The questioner stuck around. The next day, it continued.
Why is it so important that the people around you — and strangers, or people without context about you — see, right there, on the very visible surface of you, exactly what kind of person you are? What is the purpose of making it known that you lift weights, walk a lot, eat no candy, etc — what security does it really give you?
You say it’s about self-respect, and about “feeling like yourself”, but that’s not the entire truth, is it?
It’s understandable that you want your ‘outside’ to make it known that you work hard. That you’re not a lazy slob. It’s the exact same mechanism at work when you go to talk to the welfare people. There’s no money coming in, so it looks like you’re sitting on your ass all day playing games and nothing more. It is understandable that this feels shameful. What’s more, when this does happen once in a while because you don’t have the energy for anything else, you feel even more ashamed. You might be able to push the feeling away and talk yourself into relaxing, but the underlying nerves don’t really disappear. They surface as soon as the acute pain of feeling like an invalid is over.

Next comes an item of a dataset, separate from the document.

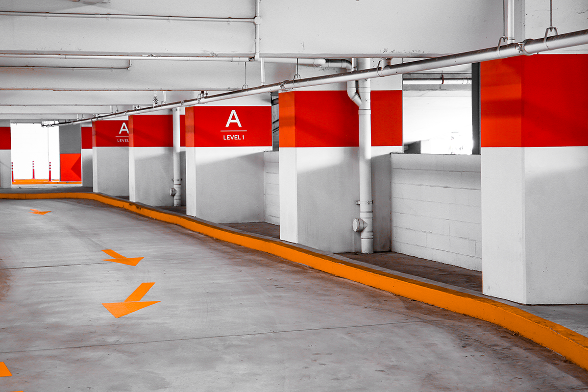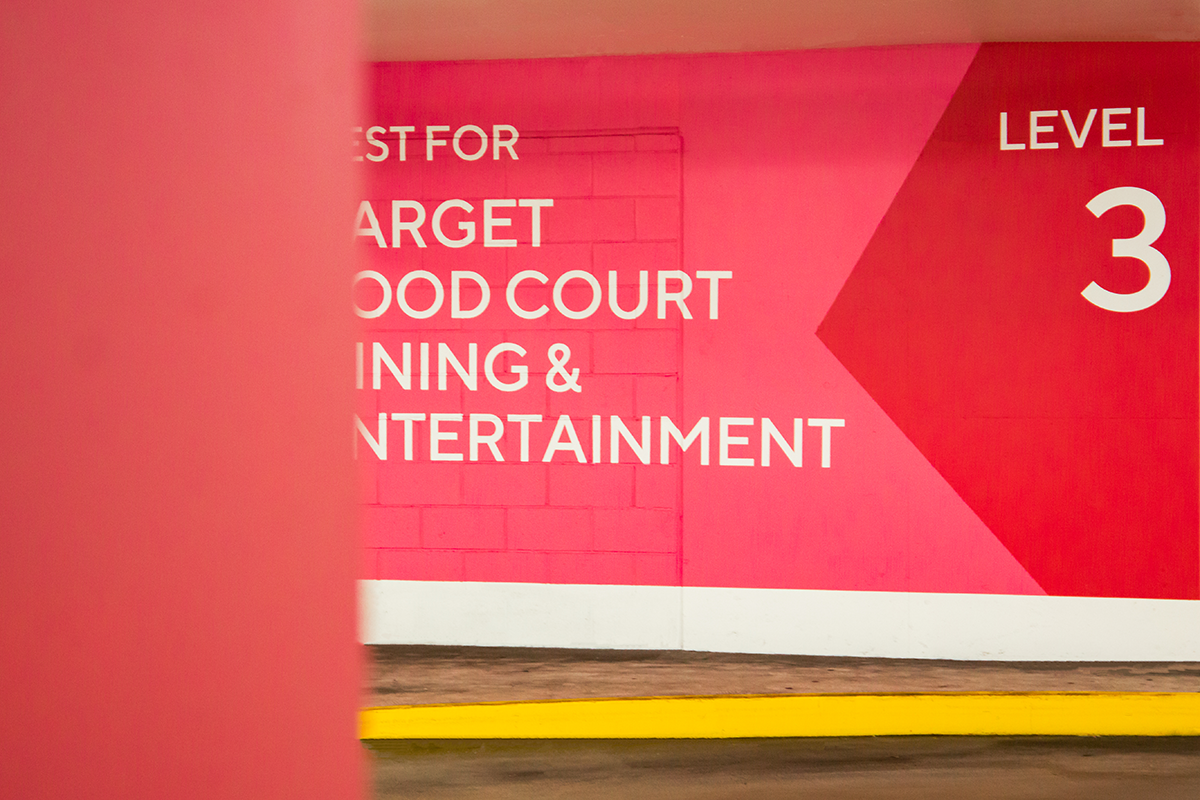 The large-scale, visually impactful directional supergraphics were applied to the concrete surfaces using a mask and spray method, which allowed for precise lines, bold graphics and an overall consistent aesthetic across each level.

Considering that your body, your face, the way you move, is how everyone but you clocks ‘who you are’ subconsciously every single they catch sight of you, it is completely understandable that you would want to try and exert control over what exactly they see in whichever way you can. If you cannot change the way your body looks, you can change the way it moves. The irony here that you know that the more you try and control the way your body moves, the less you it is. The tragedy is that on the other hand, the fat you carry does make you less you because it pads the you on the inside, shields her from all that’s outside, makes her less vulnerable, less visible, and as a result less seen, less recognized for who she really, truly is.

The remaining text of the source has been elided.